$h:S\to \mathbb R$. $\sigma(\mathcal C)$ is the $\sigma$-algebra generated by $\mathcal C$. $m\Sigma$ is the class of $\Sigma$-measurable functions on $S$.
If $\mathcal C \subset \mathcal B$ and $\sigma(\mathcal C) = \mathcal B$, then $h^{-1}: \mathcal C \to \Sigma \implies h \in m\Sigma$.
Proof: Let $\mathcal E$ be the class of elements $B$ in $\mathcal B$ such that $h^{-1}(B) \in \Sigma$. Then $\mathcal E$ is a $\sigma$-algebra since $h^{-1}$ preserves all set operations, and, by hypothesis, $\mathcal E \supseteq \mathcal C.$
To show that $h\in m\Sigma$ if the hypotheses are true, we need to show that for any $B\in \mathcal B$, $h^{-1}(B) \in \Sigma$. How $\mathcal E$ being a $\sigma$-algebra and $\mathcal E \supseteq \mathcal C$ imply that $h\in m\Sigma$?

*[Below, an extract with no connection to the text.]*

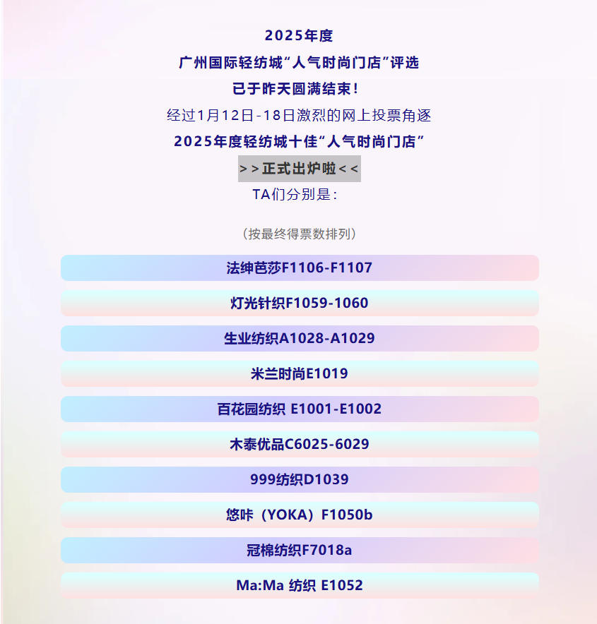 2025年度轻纺城十佳“人气时尚门店”正式出炉

$\mathcal{E}$ is defined as
$$\mathcal{E}:= \left\{B \in \mathcal{B}\mid h^{-1}[B] \in \Sigma\,\right\}$$
If we know that $\mathcal{C} \subseteq \mathcal{E}$ (the assumption) then $$\sigma(\mathcal{C}) \subseteq \mathcal{E}$$
because $\mathcal{E}$ is a $\sigma$-algebra that contains $\mathcal{C}$ and $\sigma(\mathcal{C})$ is by definition the smallest such $\sigma$-algebra. Now we use that $\sigma(\mathcal{C}) = \mathcal{B}$ (other assumption) and so $\mathcal{B} \subseteq \mathcal{E}$ or by the definition
$$\forall B \in \mathcal{B}: B \in \mathcal{E} \implies \forall B \in \mathcal{B}: h^{-1}[B] \in \Sigma$$
as required for $h \in m\Sigma$.